- Theatrical release poster
- Directed by: Ashok Pati
- Screenplay by: Pele
- Story by: B. V. S. Ravi Udayakrishnan Sibi K. Thomas
- Produced by: Ashok Dhanuka Himanshu Dhanuka
- Starring: Ankush Hazra Nusrat Jahan Tapas Paul Laboni Sarkar
- Cinematography: Baba Yadav D. Shankariya
- Edited by: M. Susmit
- Music by: Shree Pritam
- Production company: Eskay Movies
- Release date: 11 October 2013 (Kolkata);
- Running time: 135 minutes
- Country: India
- Language: Bengali

= Khiladi (2013 film) =

2013 Indian Bengali-language romantic action comedy film

Khiladi is a 2013 Indian Bengali action drama film directed by Ashok Pati and produced by Ashok Dhanuka and Himanshu Dhanuka under the banner of Eskay Movies. It features Ankush Hazra and Nusrat Jahan in the lead roles and the music of the film has been composed by Shree Pritam. It is a remake of the 2012 Telugu film Denikaina Ready which itself was a remake of the 1999 Malayalam film Udayapuram Sulthan. The film released on 11 October 2013 and marked the final film of Tapas Paul before his death.

==Plot==

Aditya Choudhury is a faction leader in Kurnool who raised his sister Saraswati with love and affection to make her forget the loss of their mother. During the marriage time, she eloped with Mohsin Khan, whom she loved which led to the death of Aditya's father. Thus enraged Aditya cuts the leg of Mohsin which created a rift between the two families. On a case to win the property belonging to Saraswati, Mohsin wins the case against Aditya after a long gap of 25 years. Seeing the sorrow of Saraswati, her son Sulaiman vows to unite the two families and waits for a situation.

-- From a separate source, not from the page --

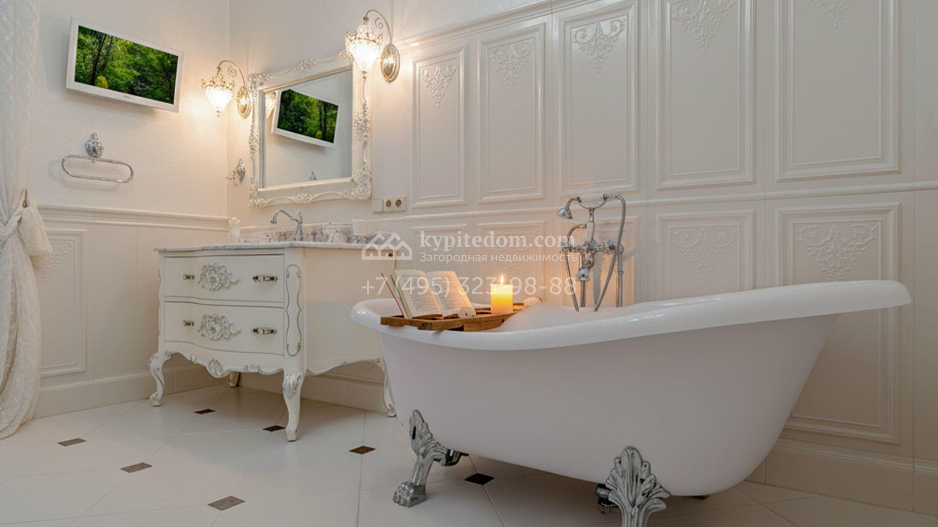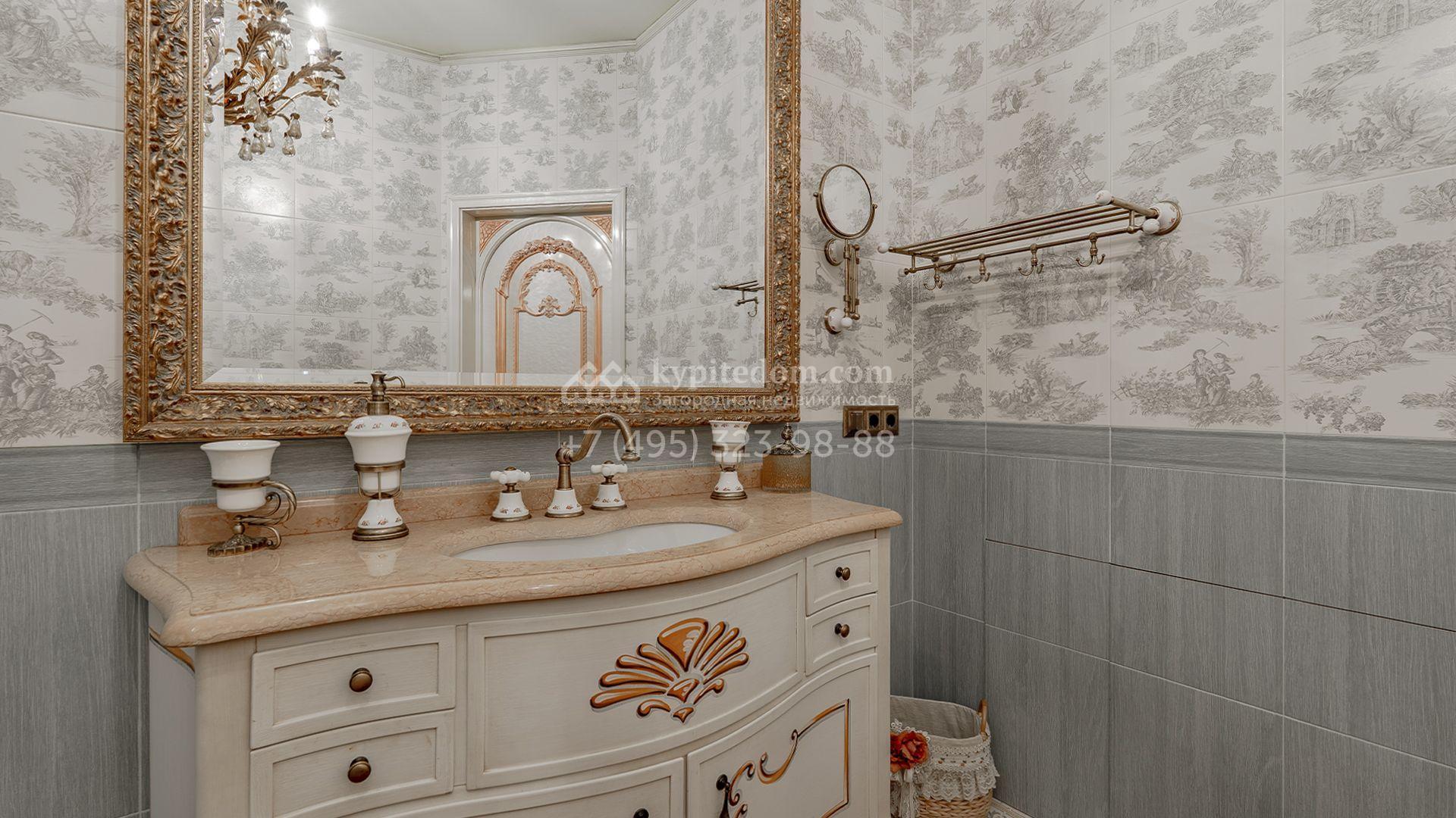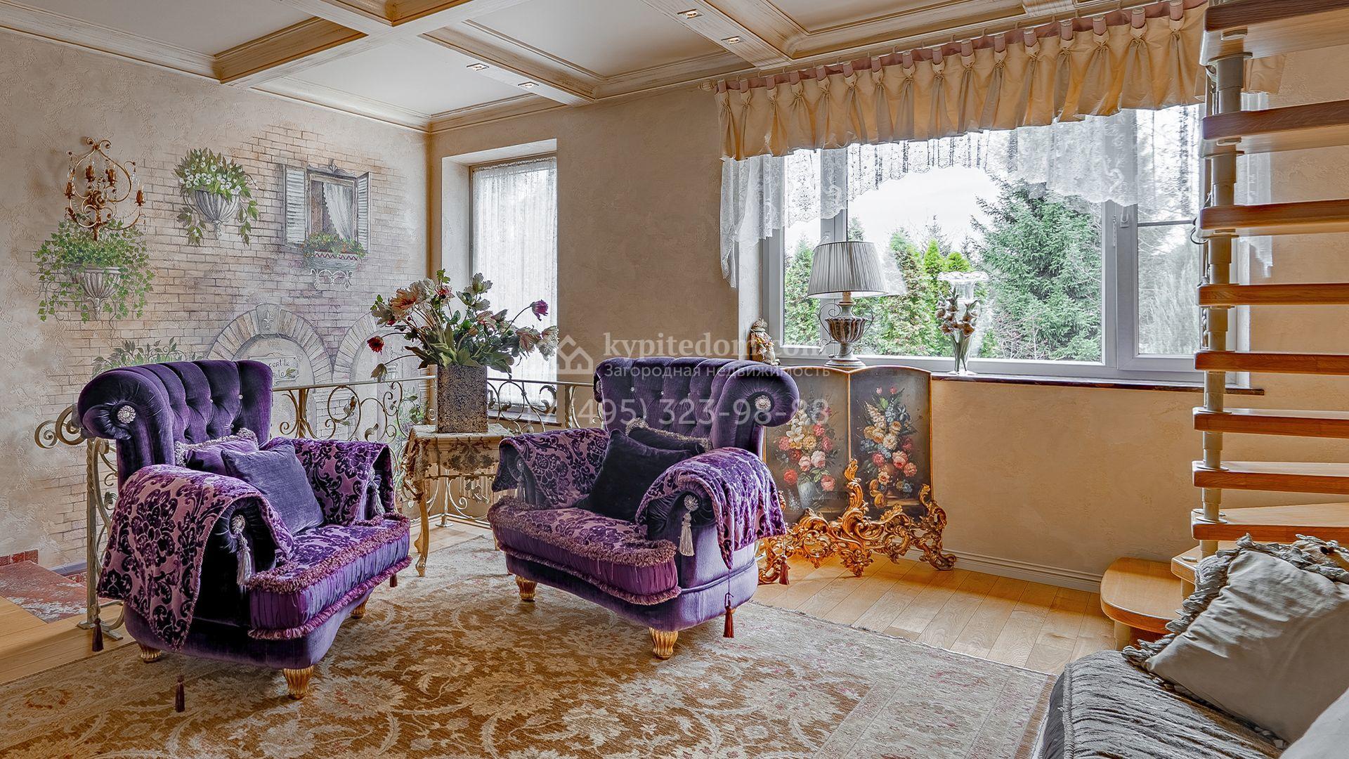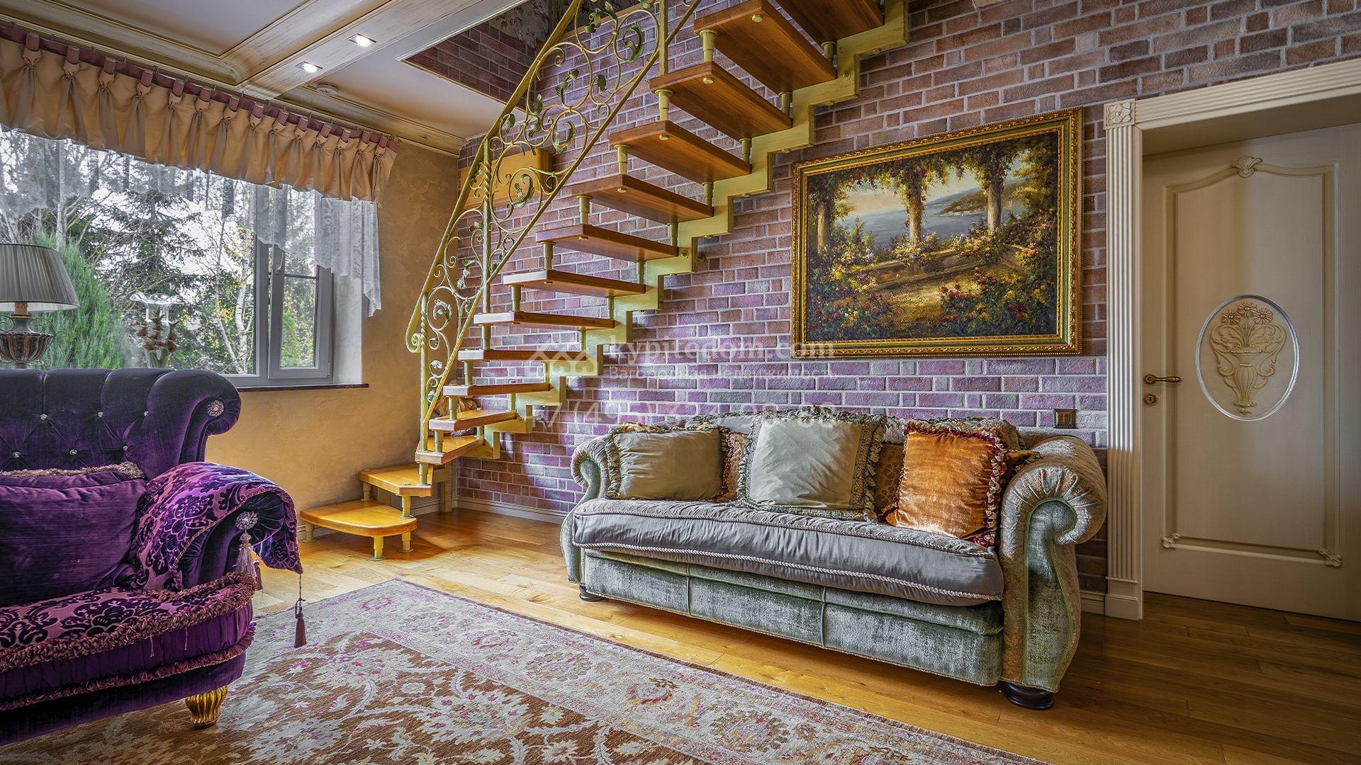 Интерьеры, гармонично сочетающиеся с внешним обликом здания, щедро украшены художественной росписью, лепниной, молдингами, изящными люстрами, антикварными акцентами и предметами ручной работы. Дом укомплектован бархатной мебелью Provasi, роскошным текстилем и бытовой техникой ведущих брендов — Smeg, Miele и Bosch. Система кондиционирования обеспечивает комфортный микроклимат в течение всего года.

Meanwhile, on a suggestion by Pulok Purohit, Aditya appoints his manager Dayashankar Bal to find a great scholar to perform a "Shanti Yogga". He contacts a scholar but as he was unavailable, he goes to the college of the scholar's son (who is also a scholar). The boy named Krishna Bhattacharya, in a fit of rage (as his love interest Aparna is close to Michael because of Sulaiman), shows Sulaiman to Dayashankar and tells him that he is Krishna but prefers to be called as Sulaiman. Though initially, he refuses to accept, Sulaiman accepts that he is Krishna as this would be a golden chance to unite the two families. He, along with his friend Michael and a group of Bramhins goes to the palace of Aditya.

There he manages to act well, only to be noticed by Puja, the adopted daughter of Aditya. Though she tries to make his true colours screened (i.e. he is not a scholar), he escapes by his wit and timing. In an unexpected situation, Dayashankar visits Krishna's home to pay his father but shockingly he finds out the truth that Sulaiman is acting as Krishna. Having a fear of getting murdered by Aditya, if he discloses the facts and wants the "yogga" to be completed as soon as possible. Sulaiman, though interested in Puja, finds his mother's wish much important and starts playing various plans to intimate feelings of Saraswati in Aditya's heart but all go vain. Meanwhile, Aditya's opponent Natawar Mondal attacks Puja but Sulaiman saves her. Puja falls for him and Aditya feels that the attack was done by Mohsin.

Now for Sulaiman, things go much worse as Jhimli (the daughter of Dayashankar and the girl who is loved by Krishna) returns to the palace, proposes to him, and warns him that if he refuses to love her, she would reveal the Secret. Meanwhile, Pulok Purohit, who is in deep frustration as Dayashankar made him not to perform the "Yogga", wants to take revenge on him. Sulaiman plays a very clever game to hide his skin playing with the weaknesses of everyone. Everything goes smooth till Puja tells about her proposal of marriage with Krishna to her dad and her dad sends his brothers to talk with Krishna's parents. Sulaiman reveals his identity to Puja and sets to Krishna's House. There too he plays a game with the weaknesses of Krishna's mother so that she would refer to Sulaiman as her son before Aditya's sons. Things get on the right path and marriage planning activities took place on full swing.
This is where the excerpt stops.